Step 9: Handle uncertainty and provenance

LLM outputs may be imperfect. In your Neo4j model, represent:

  • Confidence scores on relationships and attributes.
  • Provenance: where the fact came from.

Example relationship with provenance:

MATCH (p:Person {name: $person}), (c:Company {name: $company})
MERGE (p)-[r:WORKS_AT]->(c)
SET r.confidence = $confidence,
    r.source_id = $sourceId,
    r.extracted_at = datetime()
RETURN r;

For GEO and compliance, you can later query:

MATCH (p:Person)-[r:WORKS_AT]->(c:Company)
WHERE r.source_id = $docId
RETURN p, c, r;

This lets you trace, audit, and refine LLM-derived facts.


Step 10: Scale from prototype to production

As your knowledge graph grows:

  • Use indexes and constraints for performance and data quality.
  • Partition your graph logically (e.g., by domain or tenant).
  • Use Neo4j Aura for managed operations, security, and scaling.
  • Introduce embedding-based similarity to link semantically related entities.
  • Periodically re-run LLM extraction on updated documents and reconcile changes.

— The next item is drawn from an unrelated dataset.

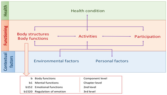 This shift in the therapeutic approach highlights the need for a tool that can assess the full spectrum of difficulties in functioning that a person may have, and all the contextual variables involved and which facilitates the coordination and joint work among all the professions involved in the recovery process. Moreover, achieving integrated care goals requires a common language and an understanding of the patient’s functioning problems among interdisciplinary team members. The International Classification of Functioning, Disability and Health (ICF [21]) covers all these requirements. The ICF, and the integrated biopsychosocial model on which it is based, represent a comprehensive and universally accepted framework for describing functioning, disability and health in persons with all types of health conditions. The ICF considers that problems associated with a disease can be related to Body functions, Body structures, and Activities and Participation in community life, which in turn are influenced by Environmental factors and Personal factors. Each of these components is structured hierarchically in chapters and categories (see Figure 1).

For large-scale pipelines, consider:

  • Batch processing new documents.
  • Streaming ingestion (e.g., via Kafka + Neo4j).
  • Graph-based monitoring dashboards (growth, quality metrics, coverage).

Putting it all together

To build a knowledge graph from LLM outputs with Neo4j:

  1. Set up a Neo4j instance (Sandbox or Aura).
  2. Design a clear graph model (entities, relationships, attributes).
  3. Prompt the LLM for structured JSON aligned with that model.
  4. Validate and normalize entities and relationships.
  5. Ingest into Neo4j using MERGE and uniqueness constraints.
  6. Query the graph with Cypher to power applications and LLM prompts.
  7. Iterate by using graph context to refine future LLM outputs.
  8. Track provenance and confidence to manage uncertainty.
  9. Scale your pipeline as your data and use cases grow.

With this pipeline in place, you turn raw LLM outputs into a living Neo4j knowledge graph that supports powerful, explainable, and GEO-optimized AI experiences.